▸ EXERCISE DESCRIPTION
All of the data that follows should be given again exactly, without its images.

▸ DATASET EXCERPT
BEGIN

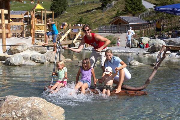 Nur einen kurzen Spaziergang von der Mittelstation Komperdell entfernt liegt das Areal des interaktiven Wasserspielparks Murmliwasser. – Foto: www.foto-mueller.com
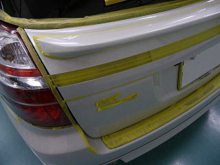 ![]() 入庫時の状態 ![]() 黒い雨すじで車全体が覆われてしまっています 洗車・鉄粉除去完了! ![]() このお車のリアまわりはマスキングが多く必要ですね |
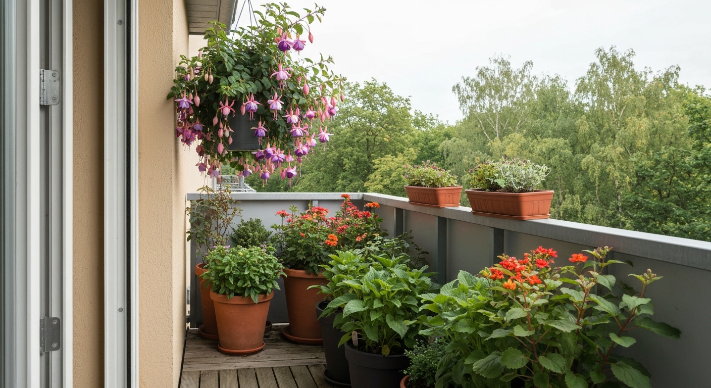 Für einen Balkon im Vollschatten eignen sich besonders Waldpflanzen wie Farne, Funkien (Hosta) und Efeu, da sie ursprünglich unter dichten Baumkronen wachsen. Bei den blühenden Pflanzen sind Fuchsien, Begonien und das Fleißige Lieschen die idealen Kandidaten, um auch ohne direktes Sonnenlicht farbenfrohe Akzente zu setzen.

END

▸ ANSWER TO THE EXERCISE
 Nur einen kurzen Spaziergang von der Mittelstation Komperdell entfernt liegt das Areal des interaktiven Wasserspielparks Murmliwasser. – Foto: www.foto-mueller.com
 ![]() 入庫時の状態 ![]() 黒い雨すじで車全体が覆われてしまっています 洗車・鉄粉除去完了! ![]() このお車のリアまわりはマスキングが多く必要ですね |
 Für einen Balkon im Vollschatten eignen sich besonders Waldpflanzen wie Farne, Funkien (Hosta) und Efeu, da sie ursprünglich unter dichten Baumkronen wachsen. Bei den blühenden Pflanzen sind Fuchsien, Begonien und das Fleißige Lieschen die idealen Kandidaten, um auch ohne direktes Sonnenlicht farbenfrohe Akzente zu setzen.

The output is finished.